Notes on implementing Linear Regression in python.

### 1. [Data Analysis](#0)

### 2. [Simple Linear Regression](#0)
* [`Gradient Descent` Python Implementation](#1)
* [`Scipy` Implementation](#2)
* [`Scikit-Learn` Implementation](#3)
* [`Statsmodel` Implementation](#4)
* [Multi-step visual of Gradient Descent](#5)
* [Animating the Gradient Descent](#6)  

### 3. [Multi Linear Regression](#7)
* [`Gradient Descent` Python Implementation](#8)
* [`Scikit-Learn` Implementation](#9)
* [Solving with `Normal Equation`](#10)
* [`Scipy` Implementation](#11)
* [`Statsmodel` Implementation](#12)

Importing needed libraries

In [1]:
import numpy as np
import pandas as pd
import matplotlib.pyplot as plt
import seaborn as sns
%matplotlib inline

## Loading our housing dataset 
We will load our data on house sales in King County to predict house prices using simple (one input) linear regression

In [2]:
dataset = pd.read_csv('datasets/kc_house_data.csv')

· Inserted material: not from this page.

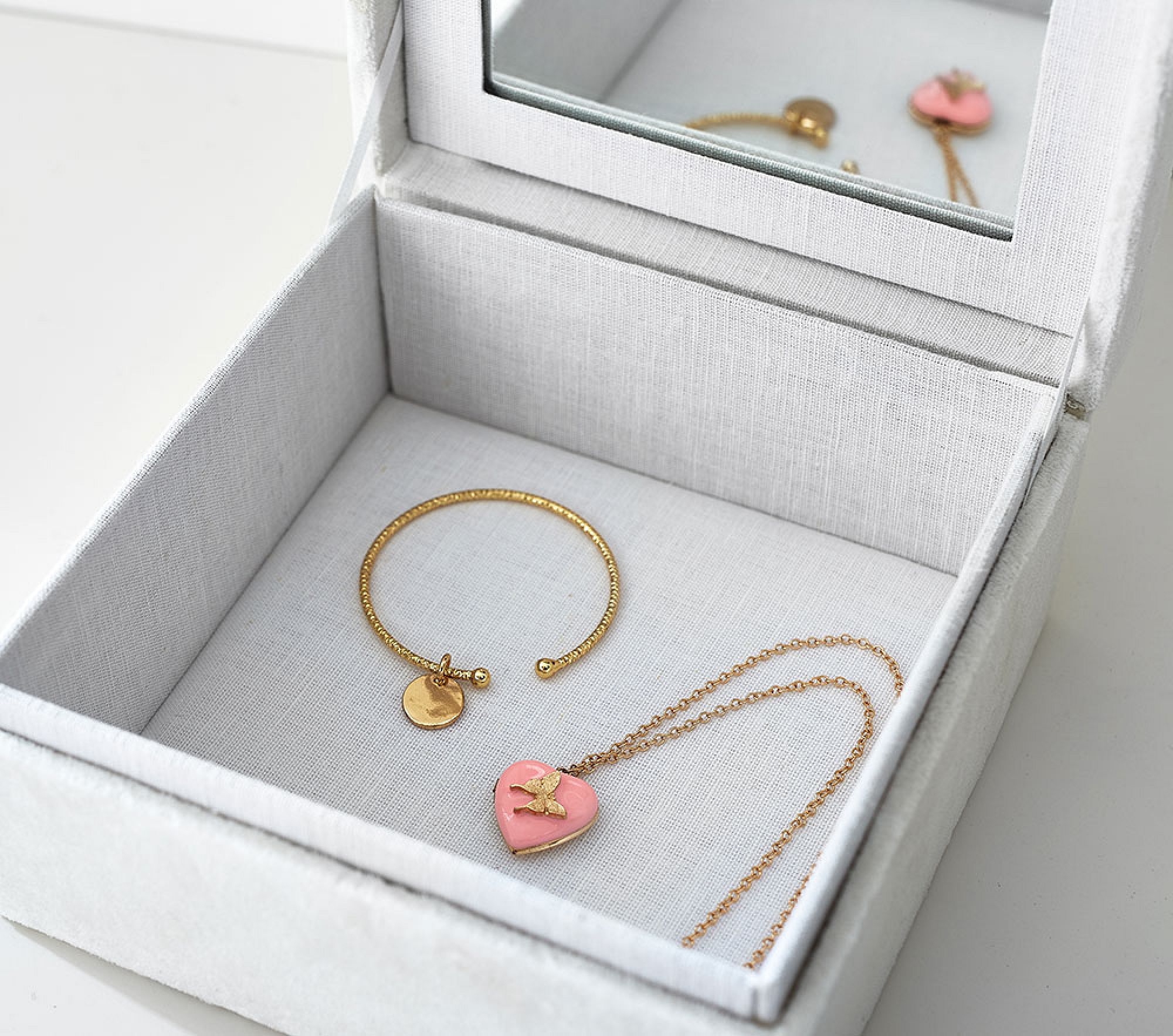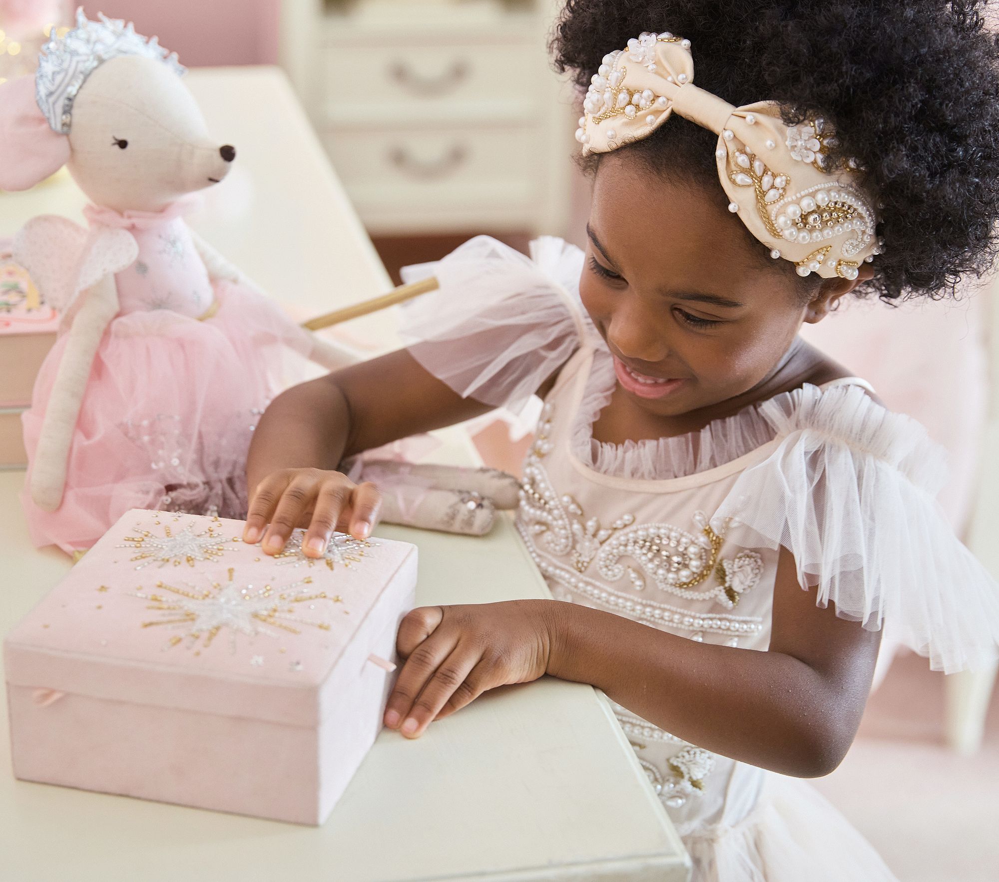 Perfect for a birthday morning reveal, when a child opens the soft pink velvet box to discover beaded sparkle and a starry mirror—merging play with heirloom-worthy craftsmanship.
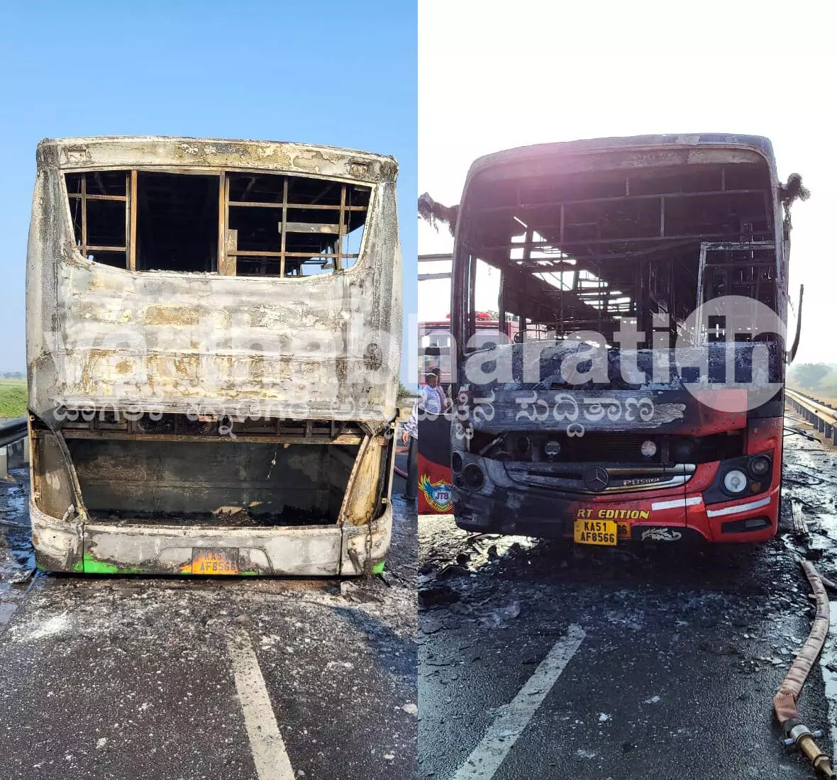 Vijayapura: Passengers had a narrow escape when the bus they were travelling in from Bengaluru to Vijayapura was gutted in fire moments after they deboarded it on Friday morning, police said.

FileNotFoundError: [Errno 2] No such file or directory: 'datasets/kc_house_data.csv'

__We want to be able to predict `Y` which is our price variable.__ 

In [None]:
Y = dataset[['price']]

In [None]:
X = dataset.drop(['price', 'id', 'date'],  axis=1)

<a id = '0'></a>
# 1. Data Analysis
[Top](#top)

## Basic data discovery and analysis with `info`, `describe` and `head`

using pandas `.info()` we see we have 18 columns and 21613 records. Pretty much all the features given are already in numeric format.

In [None]:
X.info()

In [None]:
#list our columns 
columns = X.columns
columns

In [None]:
#show first 5 records
X.head()

__Generates descriptive statistics that summarize the central tendency, dispersion and shape of a dataset's distribution, excluding `NaN` values__

In [None]:
X.describe()

__Compute correlation between variables and our predictor variable__

In [None]:
dataset = dataset.drop(['id', 'date'], axis=1)

In [None]:
dataset.corr(method='pearson')

__We can even visualize the table above__

In [None]:
plt.subplots(figsize=(10,8))
sns.heatmap(dataset.corr())

### `statsmodel` package can also give us some great insight and summary statistics including `p-value` 
The statsmodel can actually perform the regression modeling for us , but here I am mainly using it to help determine which variable I should focus on for my `Simple Linear Regression` (one independent variable) and get a feel of which values are statistically significant. There are techniques when dealing with `Multiple Linear Regression` (many variable) to narrow down to the most significant features/variables usiung __Step Wise Regression__ which include techniques such as __Forward Selection__ and __Backward Elimination__.  


In [None]:
X

In [None]:
import statsmodels.api as sml
from statsmodels import tools

X_new = tools.add_constant(X)

regressor_OLS = sml.OLS(endog = Y,exog =  X_new).fit()

regressor_OLS.summary()

<a id="0"></a>
# <font color="red">Simple </font>Linear Regression

We will start with __Simple Linear Regression__ since it is easier to understand and visualize before moving to __Multiple Linear Regression__. Though, the conecpts overall are similar and the libraries we will be using are actually designed to handle both wihtout distinction. Simple Linear Regression is easier to plot and visualize so we will start with that.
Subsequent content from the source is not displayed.